**DATA TO PROCESS:**
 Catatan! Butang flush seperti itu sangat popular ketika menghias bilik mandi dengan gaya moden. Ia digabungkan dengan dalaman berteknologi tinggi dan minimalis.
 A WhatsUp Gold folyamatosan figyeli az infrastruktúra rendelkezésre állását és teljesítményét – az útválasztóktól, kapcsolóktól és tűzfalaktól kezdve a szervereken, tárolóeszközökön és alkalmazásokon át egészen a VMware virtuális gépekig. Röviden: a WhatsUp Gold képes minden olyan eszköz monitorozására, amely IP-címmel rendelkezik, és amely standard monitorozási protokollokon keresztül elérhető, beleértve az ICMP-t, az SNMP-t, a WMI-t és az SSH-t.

...

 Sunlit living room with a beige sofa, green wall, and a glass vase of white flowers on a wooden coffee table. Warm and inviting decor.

**WHAT THIS TASK INVOLVES:** Look back at the entries above and repeat, unchanged, every line from the line holding "Catatan! Butang flush" through the line holding "A WhatsUp Gold folyamatosan".

**RESPONSE BOX:**
 Catatan! Butang flush seperti itu sangat popular ketika menghias bilik mandi dengan gaya moden. Ia digabungkan dengan dalaman berteknologi tinggi dan minimalis.
 A WhatsUp Gold folyamatosan figyeli az infrastruktúra rendelkezésre állását és teljesítményét – az útválasztóktól, kapcsolóktól és tűzfalaktól kezdve a szervereken, tárolóeszközökön és alkalmazásokon át egészen a VMware virtuális gépekig. Röviden: a WhatsUp Gold képes minden olyan eszköz monitorozására, amely IP-címmel rendelkezik, és amely standard monitorozási protokollokon keresztül elérhető, beleértve az ICMP-t, az SNMP-t, a WMI-t és az SSH-t.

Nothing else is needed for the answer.